Wie Pavlik zur Begründung seiner Einschätzung anführte, habe er bekanntlich im Juni Gary Lockett vermöbelt, der ebenfalls von Enzo Calzaghe trainiert wird. Diese Niederlage habe den älteren Calzaghe vermutlich dazu bewogen, seinen Sohn mit allen Mitteln von ihm fernzuhalten, da er andernfalls ein weiteres Debakel befürchte. Hinter allem stecke der Vater, der ständig das Reden übernehme und dabei nicht einmal einen linken Haken von einem Angelhaken unterscheiden könne.

Mit diesen provozierenden Worten spielt Kelly Pavlik darauf an, daß Enzo Calzaghe zeitlebens nie geboxt und ebensowenig eine reguläre Trainerausbildung durchlaufen hat. Der gebürtige Sarde war lange Jahre Musiker und Vagabund, bis er schließlich in Wales seßhaft wurde, eine Familie gründete und eine Boxschule aufmachte. Diese war allerdings so erfolgreich, daß das renommierte Fachmagazin "The Ring" Enzo Calzaghe zum weltbesten Trainer des Jahres 2007 kürte.

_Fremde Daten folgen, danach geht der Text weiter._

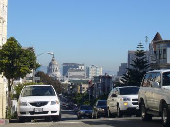 Para tomar la mejor fotografía, con el paisaje urbano de San Francisco perfilado sobre el horizonte como en numerosas tarjetas postales y películas, sitúese en el parque cerca del cruce de las calles Steiner y Hayes.
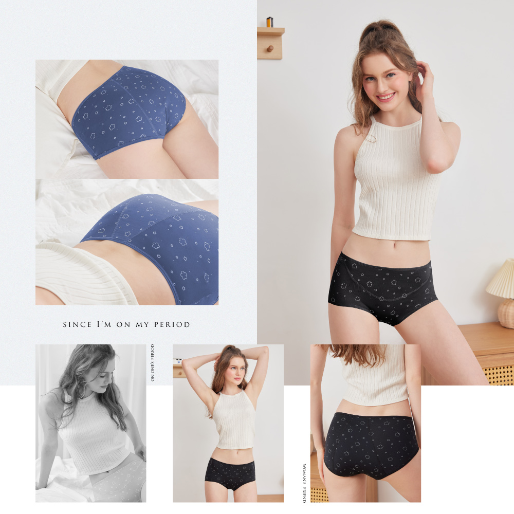 【Clany可蘭霓】 台灣製涼感竹炭遠紅外線印花抑菌消臭M-XL防漏生理褲 星夜黑 2235-63

Wenn es nach Joe Calzaghe gegangen wäre, hätte er seinen Abschiedskampf im November am liebsten in Cardiff ausgetragen. Um im Millennium Stadium vor seinem Heimpublikum zu boxen, hätte er leichten Herzens auf den Auftritt im berühmten New Yorker Madison Square Garden verzichtet, sagte er dieser Tage im Interview mit einer britischen Boulevardzeitung. Leider habe man den Sender HBO nicht dazu bewegen können, den Kampf außerhalb der USA über die Bühne zu bringen. Obgleich in finanzieller Hinsicht auch Las Vegas interessant gewesen wäre, zog Calzaghe als zweite Wahl den Madison Square Garden vor: "New York ist viel näher als Las Vegas und außerdem können wir dort unsere ganzen Weihnachtseinkäufe machen, nachdem ich Roy Jones in den Hintern getreten habe."

Im Grunde genommen sind Kelly Pavlik und Joe Calzaghe einander sehr ähnlich: Beide ausgesprochen bodenständig, heimatverbunden und am besten im Kreis ihrer Familie aufgehoben, heben sie sich deutlich von dem prunksüchtigen Starkult des US-amerikanischen Boxgeschäfts ab. Keiner von beiden hat seine Heimatstadt länger verlassen, keiner im Laufe der Karriere einen namhafteren Trainer angeheuert. Sie haben sich entschiedener als die Mehrzahl ihrer Zunftkollegen der Maschinerie ferngehalten, die mit dem Versprechen auf Ruhm und Reichtum die Boxer auszupressen pflegt, um die Taschen anderer zu füllen.